Wednesday, January 04, 2006

Threat of China's Economy

By Frank Ching
The Chinese economy, which has been growing at about 9 percent a year, took a big leap forward last week when the government announced that, as a result of a year-long national economic survey, it had revised its GDP upward to about $2 trillion for 2004, an increase of 16.8 percent, making the economy the sixth largest in the world, overtaking Italy.
Given the higher base for 2004, it appears highly likely that when the final figures for 2005 come in, China will have overtaken France and Britain as well, to become the world’s fourth largest economy, after the United States which last year registered a GDP of $11.7 trillion, Japan and Germany. In purchasing power parity terms, China is already the world’s second largest economy, exceeded only by the United States.

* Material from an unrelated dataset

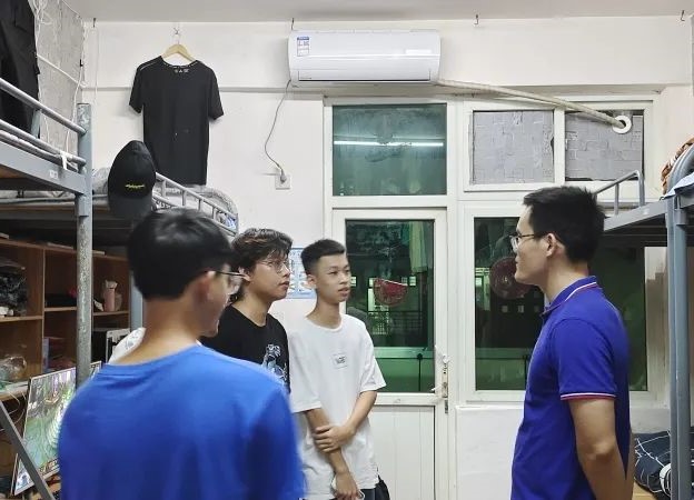 (青年媒体中心 韩丹讯),10月7日晚,信息技术公司党总支书记孙金老师、2021级辅导员唐图老师、以及2021级代理班主任深入公司员工宿舍进行走访检查,每走进一间宿舍,孙书记和唐老师都热情地与同学们交流,询问国庆假期同学们的计安排及收获。

On a per capita basis, however, China is still a poor country. Li Deshui, head of the National Bureau of Statistics, said at a news conference last Tuesday that although the revised figures resulted in a considerable increase in total GDP, on a per capita basis, China still ranked only about 100th in the world. Using International Monetary Fund figures, China ranks 107th while the World Bank says China ranked 134th in income per person in 2003.
In fact, China’s per capita GDP is only 3.6 percent that of the United States and 4 percent that of Japan. The Chinese economy overall in 2004 was only 16.6 percent that of the United States.
Mr. Li emphasized that China was still a developing country, with 100 million peasant farmers and more than 20 million city dwellers roughly 10 percent of the population still struggling with poverty.
Interestingly, the revised figures show that the country had previously grossly undercounted its service sector. The revised figures for 2004 showed that the service sector including real estate, transportation and restaurants accounted for 40.7 percent of the economy, not 31.9 percent as previously reported. The increase in service output accounted for 93 percent of the total GDP increase.
“The revised statistics show that China’s economic structure is more reasonable and healthy than the previous figures showed,” Mr. Li said at the news conference. He explained that China had long used the Material Product System to calculate GDP. This method was developed under the centrally planned economic system and resulted in “very weak” figures for the service sector.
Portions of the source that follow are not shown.